Get some articles published, go to some conferences, get a new job with a new title somewhere else, laugh on your way out.
> Do you think that the social climbers who approved these obviously crappy projects learned anything?
Just the framing of this question makes it seem like you simply don't like people in management / decision-makers, and you want something bad to happen to them. Maybe that's wrong, hopefully it is, but the rest of the comment doesn't do much to dissuade me of that impression either.
Cutting down anyone who gets a promotion or finds success is a culture in itself (see Tall Poppies Syndrome for example). Factual accuracy is not a concern, they only want to be angry at people in higher positions.

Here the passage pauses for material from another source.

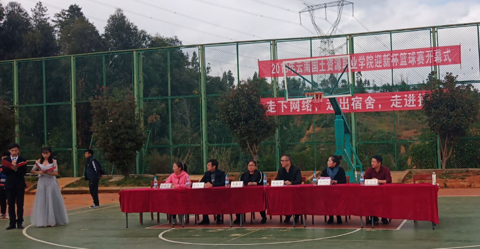 为展现大学生积极向上的精神风貌,加强学生团结协作精神,2019年11月11日中午12点30分,云南国土资源职业学院2019年“迎新杯”篮球赛开幕式在阳宗校区塑胶篮球场举行。副校长寸建平、党委组织部陈瑞平、校团委书记关利钦、后勤基建处王春莲、学安处丁治祥、本科教育学院胡晓燕老师及各学生组织、各学院球队、啦啦队参加了此次开幕式。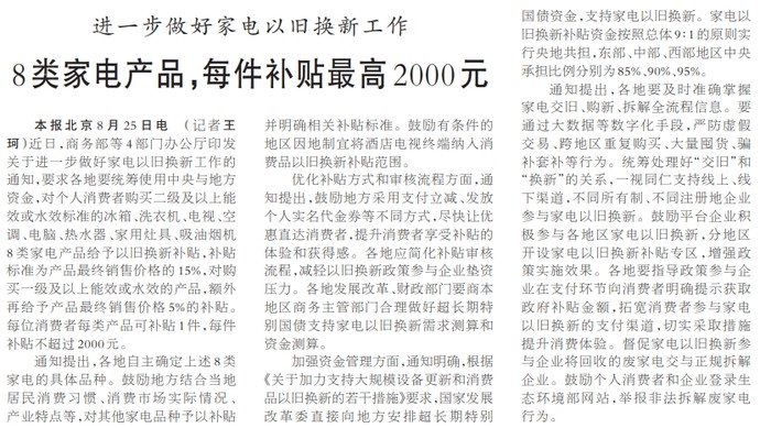近日,商务部等4部门办公厅印发关于进一步做好家电以旧换新工作的通知,要求各地要统筹使用中央与地方资金,对个人消费者购买二级及以上能效或水效标准的冰箱、洗衣机、电视、空调、电脑、热水器、家用灶具、吸油烟机8类家电产品给予以旧换新补贴,补贴标准为产品最终销售价格的15%,对购买一级及以上能效或水效的产品,额外再给予产品最终销售价格5%的补贴。每位消费者每类产品可补贴1件,每件补贴不超过2000元。(今日《人民日报》2版)

I don't think it's that managers or decision makers are bad, I think moreso it's that, for most companies, the criteria for promotion are absolutely busted. And, it creates a culture of self-preservation, which affects ICs, too.
What I mean is that people are selected for leadership based not off of their leadership ability, but rather their political ability and ambition. The reason we see increasingly delusionally confident people as we climb the corporate ladder is because the people promoting them are forced to make their decisions based off of small, distilled data.
So, basically, bullshitters rise to the top. It only makes sense given the constraints of the system. Metrics help, sure, but firstly those arent use too much for management promotions. And secondly, they can be gamed, and often are.
At the very tippy top you have c-suite, who are often so delusionally confident it borders on psychosis. After a certain point it just becomes lying, but the truth is that people like to hear good things. We just can't help it.
And, for self-preservation: most companies have an absolutely rotten, toxic, and even evil culture. For most companies, the majority of employees are focused on self-preservation. And nobody will say that out loud!
But when managers get into that self preservation mindset, it can get really ugly. It becomes lying, organization sabotage, fudging documents, in-fighting, etc to try to stay afloat. Especially as the organization appears to be less stable.
Something bad to happen to "them"? There's no diaphanous them, just the specific social climbing crap decision makers facing no consequences of any type.
I have worked with many hard working and caring managers, and they are generally eclipsed by said social climbers presenting at conferences every other week about know-nothing topics jumping from place to place leaving bankrupt companies and massive layoffs in their wake.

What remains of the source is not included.